Entrambe le correnti riformiste nascono e rinascono spontaneamente nella classe operaia e tra le masse popolari soggette alla borghesia. Spontaneamente nel senso che le condizioni di vita e di lavoro in cui sono costrette o comunque indotte e la mentalità borghese (che per sua natura nella produzione e distribuzione di beni e servizi è conflittuale: ogni capitale è in concorrenza con gli altri capitali, ogni capitalista è contrapposto agli operai che ingaggia e viceversa, ogni venditore compete con altri venditori e con i compratori, ogni compratore compete con gli altri compratori e con i venditori) generano nelle masse popolari tendenze e iniziative riformiste (non importa se conflittuali o elettorali). Compito specifico dei comunisti è portare le masse popolari in una direzione diversa da quella che la società borghese spontaneamente genera in esse, direzione diversa che corrisponde però allo sviluppo delle premesse del comunismo poste dalla stessa società borghese: il carattere collettivo delle forze produttive e la società cresciuta su queste basi materiali. L’esperienza pratica della lotta di classe è la via maestra attraverso la quale le masse assimilano la concezione comunista del mondo che il Partito comunista insegna e impiega per promuovere e dirigere la lotta di classe.
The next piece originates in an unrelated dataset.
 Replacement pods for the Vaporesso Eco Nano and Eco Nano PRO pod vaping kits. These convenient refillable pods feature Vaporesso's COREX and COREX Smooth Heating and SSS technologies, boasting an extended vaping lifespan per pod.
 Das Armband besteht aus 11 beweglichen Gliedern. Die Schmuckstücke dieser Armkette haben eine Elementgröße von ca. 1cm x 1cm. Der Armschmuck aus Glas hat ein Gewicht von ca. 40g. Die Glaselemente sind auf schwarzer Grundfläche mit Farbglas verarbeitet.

Ciò che distingue le due grandi famiglie dei riformisti.

Non è la combattività perché di fatto esistono personaggi e organismi combattivi nell’una e nell’altra famiglia di riformisti, benché sia più facile trovare signori nel campo elettorale e proletari e lavoratori nel campo del riformismo conflittuale e rivendicativo.

Le due famiglie sono espressioni di due stadi diversi della lotta di classe: la lotta sulla ripartizione del prodotto (sul prezzo della forza lavoro, sul salario) e la lotta politica (a proposito della legislazione e dell’attività dello Stato e dell’Amministrazione Pubblica). La forma organizzativa tipica del prima famiglia è il sindacato, la forma organizzativa tipica della seconda famiglia è il partito elettorale.
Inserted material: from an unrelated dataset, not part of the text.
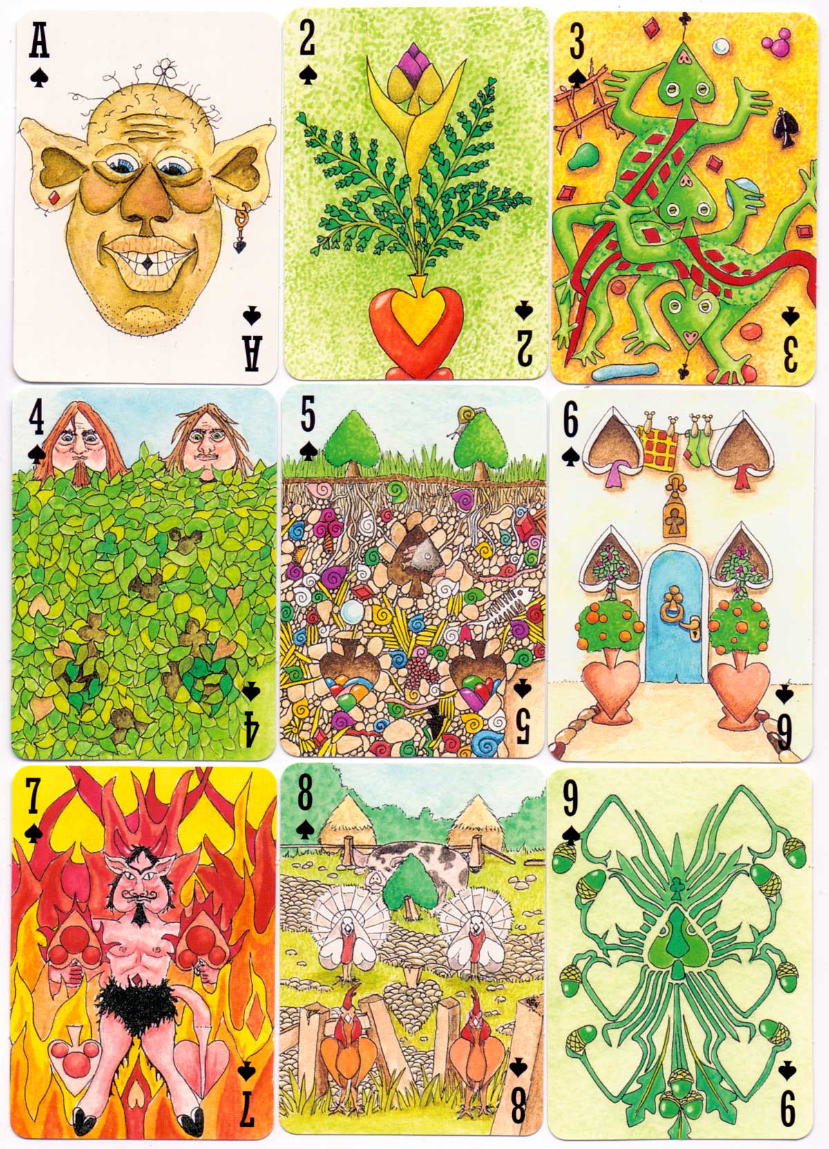 Peter Wood’s “2000Pips” Transformation pack of playing cards (1999) comes in an edition limited to just 1000 packs worldwide. All the pips are cleverly transformed into a vibrantly colourful picture, different on each card, providing endless fascination to the beholder. We see his love of the natural world, particularly the insects, flowers and garden objects, fruits and animals, with almost scientific observation of their minute details.

La condizione di partenza della lotta di classe del proletariato contro la borghesia è la soggezione delle masse popolari alla borghesia e al clero. Compito dei comunisti è far passare le masse popolari dalla condizione ereditata dalla storia di soggezione, alla condizione di masse popolari coscienti e organizzate. A questo fine facciamo leva sull’esperienza diretta e concreta di lotta di classe di ogni parte, strato e classe. È quindi sciocco e primitivo ogni rivoluzionario che individua i propri nemici, l’ostacolo alla propria attività, nell’arretratezza delle masse popolari, nella loro soggezione alla borghesia e al clero. La sua è la posizione primitiva e istintiva del rivoluzionario che non è ancora capace di mobilitare e dirigere, che trova nell’opinione e nelle abitudini degli oppressi arretrati il motivo della propria impotenza che in realtà sta nella sua arretratezza: nella sua ignoranza dei metodi di lavoro necessari per mobilitare e organizzare le masse popolari arretrate.

Lasciamo a ogni comunista il compito di collocare persone e organismi del suo contesto nella famiglia che è propria a ognuno di essi, distinguendo rigorosamente analisi della posizione politica (della corrente politica di appartenenza) dalla analisi di classe (classe sociale di appartenenza).

Marcella V.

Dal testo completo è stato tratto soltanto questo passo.